REQUIRED WORK:
Below are the records; copy exactly the lines from the first through the one containing "Ob beim Training", both included, and leave out the pictures.

DATA FOR PROCESSING:

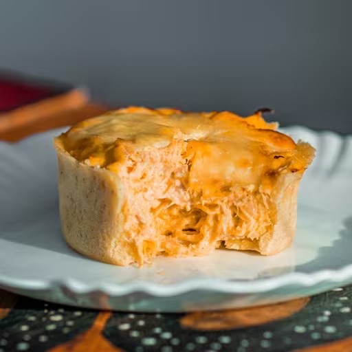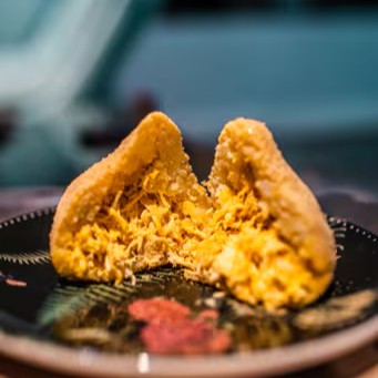 Massa fina feita com grão de bico, recheada com frango cremoso e finalizado com queijo gratinado.
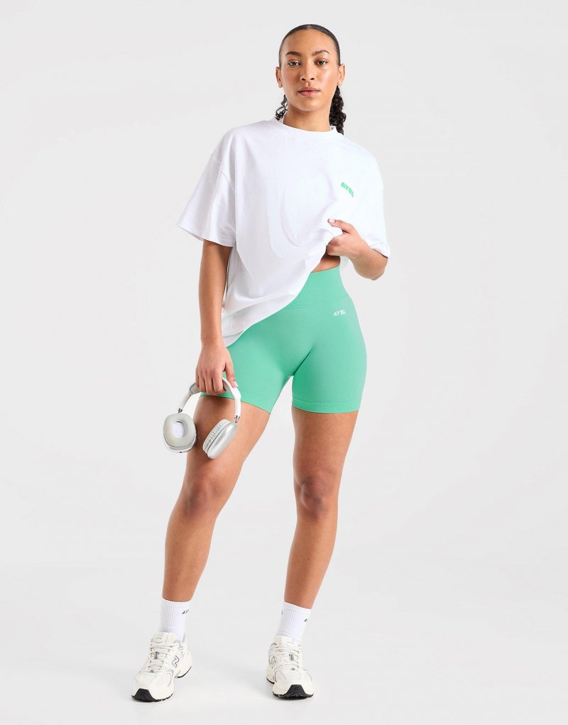 Ob beim Training oder zum Entspannen nach dem Workout – mit diesem Damen-Focus-T-Shirt von AYBL erfrischst du deine Garderobe. In Weiß mit grünen Akzenten ist dieses Oversize-T-Shirt aus weicher Baumwolle für langanhaltenden Tragekomfort gefertigt. Es hat einen gerippten Rundhalsausschnitt und kurze, weite Ärmel für bequemes Tragen. Das AYBL-Branding auf der Brust und ein Grafikprint auf dem Rücken runden das Design ab. Maschinenwaschbar. | Unser Model trägt Größe S.
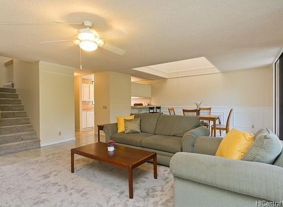 Lovely 2-story 3bd/2.5 ba END unit at desirable Gardenia Manor with TWO COVERED parking! Enjoy high ceilings, spacious living and dining room area, with large lanai perfect for entertaining or relaxing. Master bedroom features walk-in closet and its OWN private lanai with no one above you. Unit has own storage, new paint and carpet. Conveniently close to shopping, restaurants, and highway. Don't miss this wonderful opportunity.
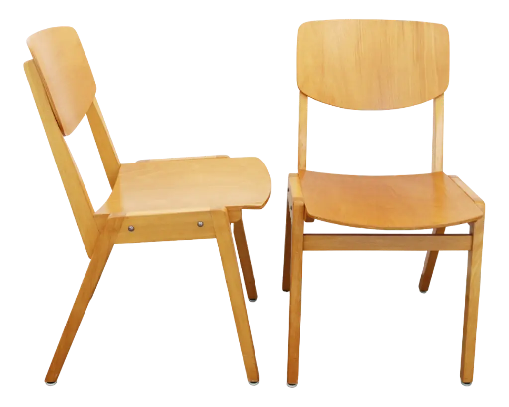 Solid Pine Dining Chairs Attributed To Rainer Daumiller - A Pair
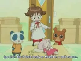 Animal Yokochō is a Japanese manga and anime series aimed at children about a little girl who has a doorway to another world in her room, from which three bizarre and frequently-annoying stuffed animal-like creatures emerge to make her life "interesting".

RESPONSE:
 Massa fina feita com grão de bico, recheada com frango cremoso e finalizado com queijo gratinado.
 Ob beim Training oder zum Entspannen nach dem Workout – mit diesem Damen-Focus-T-Shirt von AYBL erfrischst du deine Garderobe. In Weiß mit grünen Akzenten ist dieses Oversize-T-Shirt aus weicher Baumwolle für langanhaltenden Tragekomfort gefertigt. Es hat einen gerippten Rundhalsausschnitt und kurze, weite Ärmel für bequemes Tragen. Das AYBL-Branding auf der Brust und ein Grafikprint auf dem Rücken runden das Design ab. Maschinenwaschbar. | Unser Model trägt Größe S.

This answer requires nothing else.